Because of challenges with impulsivity, I struggle to sit down and create a coherent narrative in text messages and emails before I send them, and later regret sending wordy and jumbled messages. I have also had friends frequently get frustrated with me for misreading or not fully reading text messages. It is very hard for me to get my brain to do these things. When I write for work, or when I work on a creative project, I need zero distractions so that I can give 100% of my focus to that task. The best strategy I have found is listening to ASMR or white noise types of sounds through headphones when I’m working so I can tune the rest of the world out and focus.


I have sacrificed financial well-being in my life because I know how challenging life becomes for me when things get overwhelming even a little bit. I work fewer hours, I give myself many breaks during the day to reset my brain and I attempt to work many part time jobs to prevent the potentially life threatening depression I know will set in from the monotony of doing the same thing every single day, five days a week, sitting at a desk. Even as I share these things about myself, I feel ashamed. I often feel misunderstood by others; that they think I’m entitled or lazy for not being able to do life the way most people do. I wish I had understood these things about myself sooner in life, so I didn’t end up hitting my head against the same brick wall so many times because I thought I could be someone I simply am not. 


I struggle immensely with fitting into professional spaces. I often feel like the black sheep at conferences or work-related gatherings and avoid spaces where I have to act or dress in a “professional” way. I have a hard time masking my emotions and filtering what I say, so I tend to avoid spaces where I cannot be authentically myself, which unfortunately is often at odds with a “professional” persona. This is one of the main reasons I work from home and provide services remotely. Sometimes it gets lonely, but trying to be someone I am not in order to fit into these spaces has led to crippling depression in the past and a continued feeling that I was a failure and simply not good enough. I work hard to avoid going back to that place. 


In recent years I have worked so hard to live a life that is accepting and affirming of who I am rather than masking, accommodating or shaping myself into someone I’m not. At the end of the day, I’ve found it’s just not worth it. People will misunderstand me and sometimes people will think badly of me. 
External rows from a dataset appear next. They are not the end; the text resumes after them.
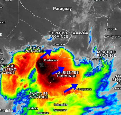 Áreas del sur del Chaco, norte de Santa Fe y centro-sur de Corrientes ya están siendo afectadas por lluvias y tormentas, que se desplazan de manera lenta sobre la región.
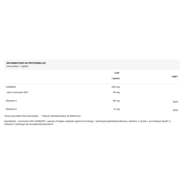 Ingrediënten: Co-enzym Q10 CAVAQ10®, plantaardige capsule (omhulsel: hydroxypropylmethylcellulose), vitamine C (L-ascorbinezuur) Quali®-C, vitamine E (gemengde tocoferolen) Nutrabiol®.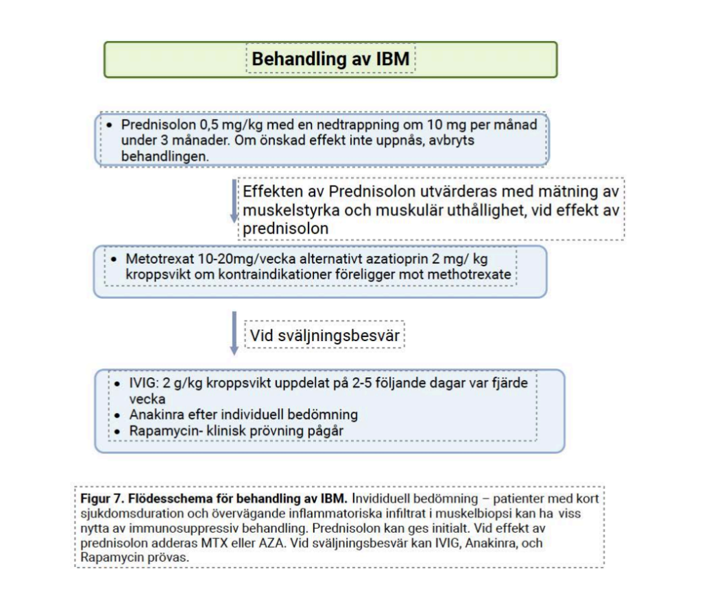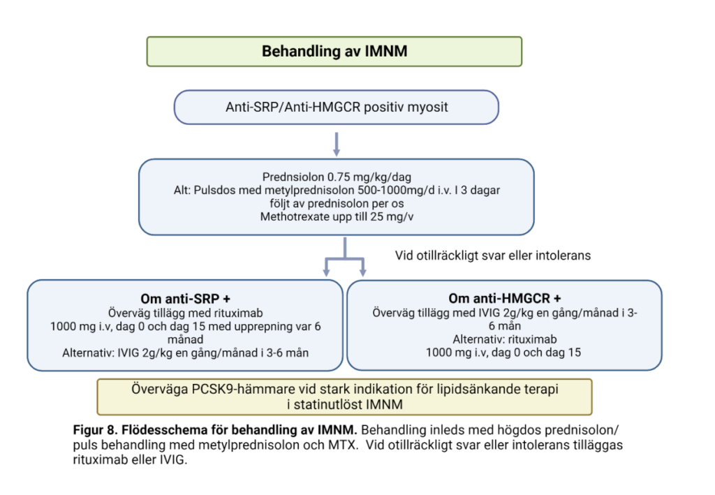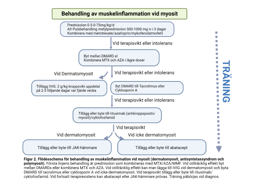 De flesta rekommendationer för behandling av muskelinflammationen vid myosit föreslår att immundämpande behandling påbörjas så snart som möjligt efter att diagnos myosit har fastställts. Här är subgruppen inklusionskroppsmyosit (IBM) ett undantag, se separat text om IBM. Basen i farmakologisk behandling av myosit utgörs av induktionsbehandling med glukokortikoider i kombination med ett immundämpande läkemedel (disease modifying anti-rheumatic drug, DMARD) för att minska kortisonbehov och för att optimera den immundämpande effekten. Oftast föreslås metotrexate som förstahandspreparat. Alternativt kan azathioprin eller mykofenolatmofetil användas. I nästa steg kan dessa preparat bytas mot varandra. Som andrahandsval, kan två förstahandsmedel kombineras (metotrexate och azathioprin) eller ersättas med cyklosporin eller takrolimus. I tredje hand föreslås tillägg med rituximab eller cyklofosfamid eller vid subgruppen dermatomyosit: högdos intravenöst immunglobulin där en nyligen publicerad randomiserad, kontrollerad studie visade signifikant effekt med det primära utfallsmåttet ”total improvement score” hos patienter med dermatomyosit (15). Vid fortsatt terapiresistens eller intolerans kan abatacept eller annat preparat som ingår i pågående läkemedelsstudier prövas (Fig 2). För vissa subgrupper finns andra rekommendationer baserade på erfarenhet, v.g. se nedan.

The cost of insisting on living a life that works for my brain is often obsessive worry about money, about not being able to pay my bills, about never getting out of debt from the years I spent in school and making impulsive spending choices in my early twenties before I got a handle on that. The cost is high at times, but the cost of living life in a way that does not work for my brain is higher. The life I have created gives me freedom and the ability to live life on my own terms (for the most part); which is something I’ve learned I need, deeply. 
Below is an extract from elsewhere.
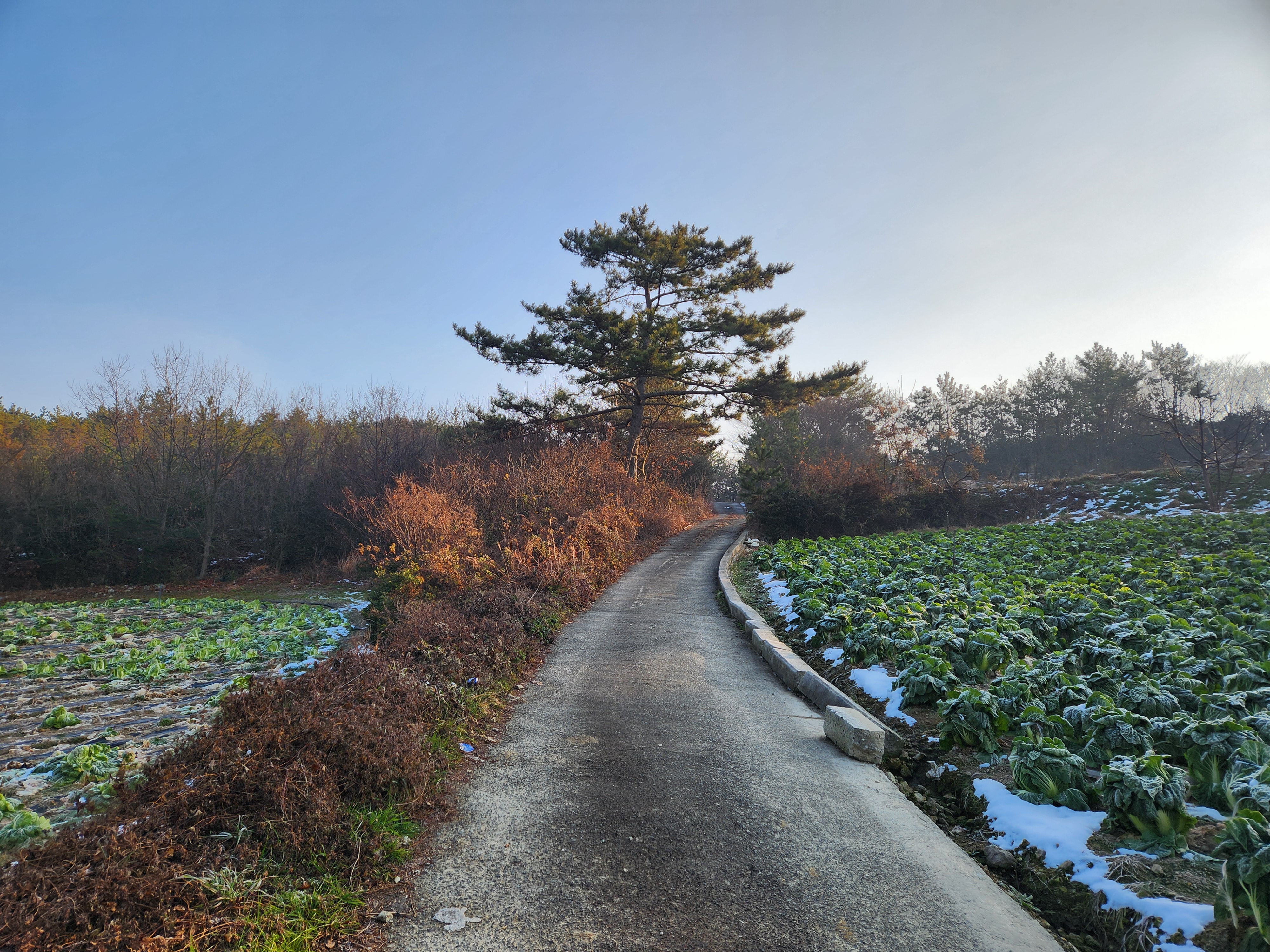 배추를 수확한 빈 밭길을 따라 걷는다.

So if you’re at all like me, I see you. I want you to know you’re not alone. Don’t give-up on yourself and even if it’s hard sometimes, don’t force yourself into living a life that doesn’t work for you and doesn’t work for your brain. I know that I thrive in a life where I am in full control of my own schedule and I can do things at my own pace. I work constantly on building trust within myself that things will be okay and things will work out in order to combat the intense anxiety I sometimes feel about future uncertainty and financial insecurity. I’ve had to get comfortable with living with less, but having fewer material possessions is actually something that aligns with my values. I’ve had to work really hard to reign in impulsive spending and prioritize saving money so I can work less and still pay my bills. The truth is, even though life can be hard and living life on my terms definitely comes with sacrifices, it does always work out in the end.